Each year, we conduct a survey of our millionaire clients. Some findings align with common assumptions: their average household income stands at $330,132 this year, and the typical value of their homes exceeds $1 million. Yet other habits of these wealthy individuals defy stereotypes—they’re not the “traditional millionaire behaviors” most people imagine. In this article, I’ll break down key habits and traits of millionaires that anyone can adopt, no matter their current income or net worth.
Year after year, our survey reveals an overwhelming trend: nearly all our millionaire clients identify as optimists. This shouldn’t be entirely shocking, as research consistently links optimism to greater financial success. But what if you lean more toward pessimism?

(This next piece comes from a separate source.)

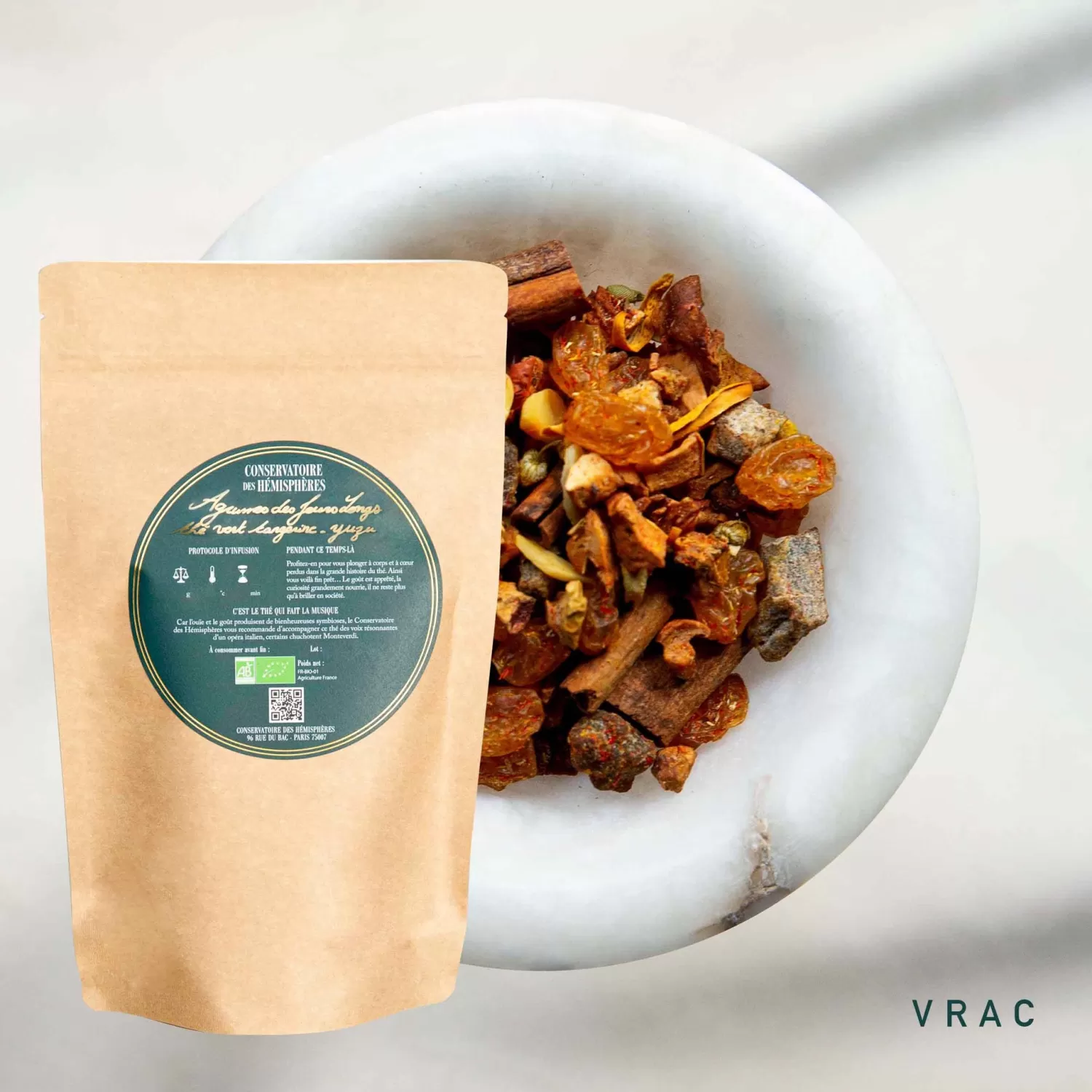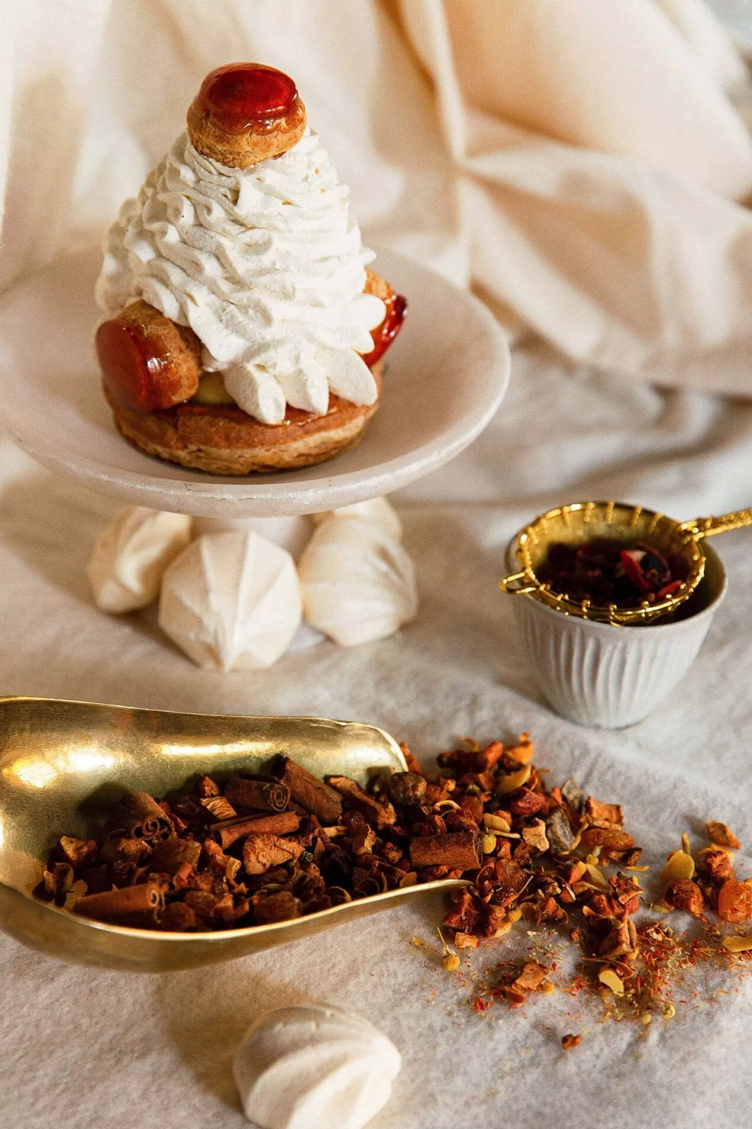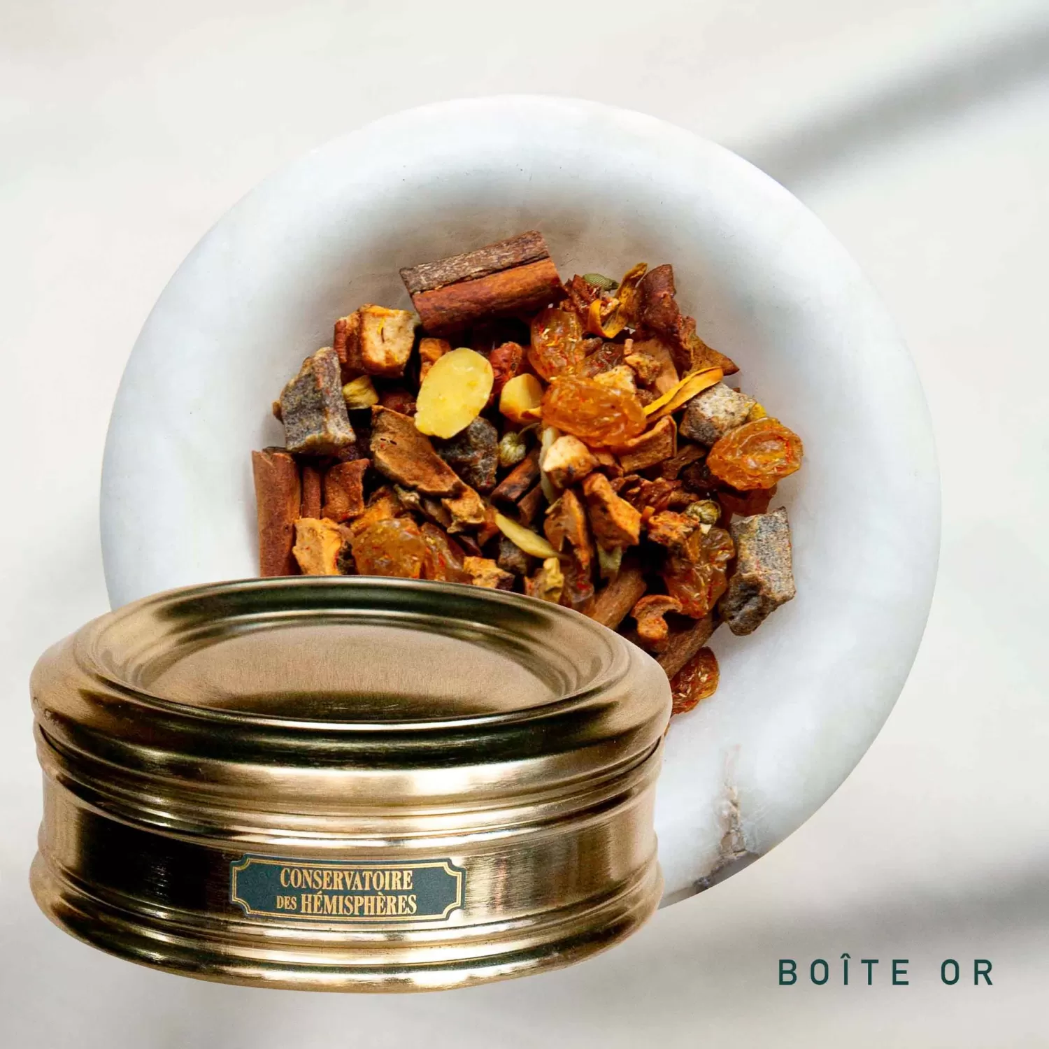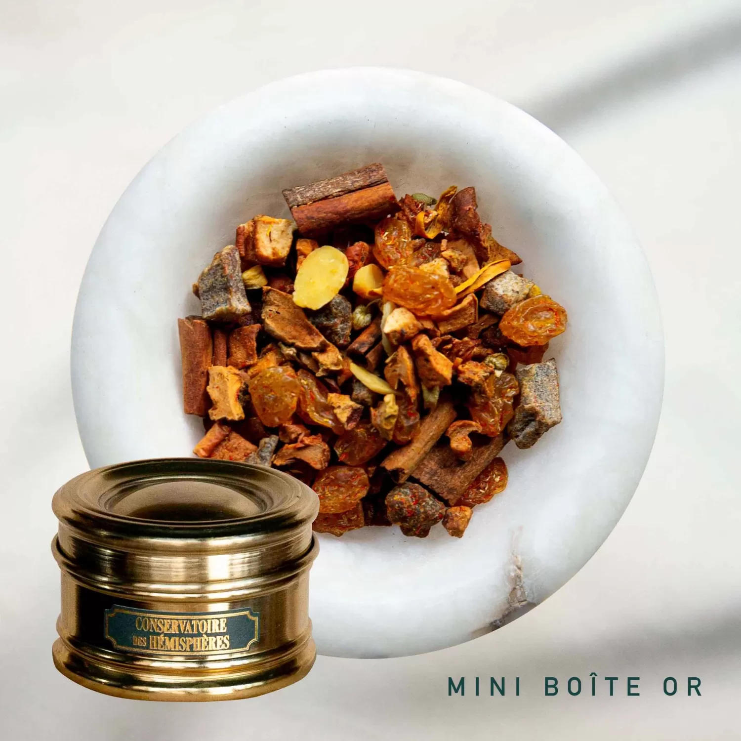 Tandis que résonnent les trois coups frappés, les amandiers cessent leurs bavardages, embrassent le trac et se déploient ainsi sur la scène en leur allure dorée. L’intrigue est captivante : Qui de la pomme ou de la poire qui gagnera le cœur éperdu à pourvoir ? Voilà que cette triade charmante peint avec saveur un hiver aux heures réconfortantes et à la nostalgie certaine. Impatientes en coulisses, cannelle, fleur d’oranger et camomille donnent la réplique et clôturent la farce, tout en cascade et cacophonie. Les bouquets par dizaines abreuvent le plancher.
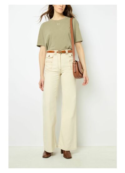 Ce t-shirt est-il fidèle à la taille indiquée ? Le t-shirt AZEMIA taille normalement. La mannequin mesure 174 cm et porte une taille 2, ce qui correspond à une coupe droite et un confort optimal. Quel est le matériau utilisé pour ce t-shirt ? Il est confectionné en 100% coton uni avec un effet délavé, garantissant douceur, respirabilité et une tenue naturelle au quotidien. Comment entretenir ce t-shirt pour préserver sa qualité ? Il est recommandé de laver ce t-shirt en machine à 30 degrés avec des couleurs similaires, d’éviter le sèche-linge pour conserver l’effet délavé et la forme. Peut-on associer ce t-shirt avec d’autres styles ? Oui, son coloris kaki clair s’accorde parfaitement avec des teintes pastel ou foncées, offrant une grande polyvalence pour un look casual ou plus travaillé. Quelle est la coupe et les finitions de ce t-shirt ? Il présente une forme droite, une longueur standard, un col rond avec finition bord-côte et des manches courtes, assurant un style simple et élégant.

You can’t rewrite your personality overnight to become an optimist, but you can gradually shift your mindset through practices like regular gratitude exercises.
Optimism doesn’t mean ignoring reality or viewing life through “rose-tinted glasses,” either. You can acknowledge problems in your personal life or the world at large while still working to create change. True optimistic thinking boils down to believing you have the power to improve your life—and your finances. The biggest issue with a pessimistic mindset isn’t that it reflects the “truth” about you or the world; it’s that it often fosters fatalism—the belief that your actions don’t make a difference.
Only 9% of U.S. children attend private school, yet a large majority of Americans believe private schools offer better education than public ones. It’s easy to see why: studies often show private school students score higher on the SAT than their public school peers. But one critical study painted a different picture: when researchers adjusted for a key variable—family income—there was no statistically significant difference in academic performance between private and public school students.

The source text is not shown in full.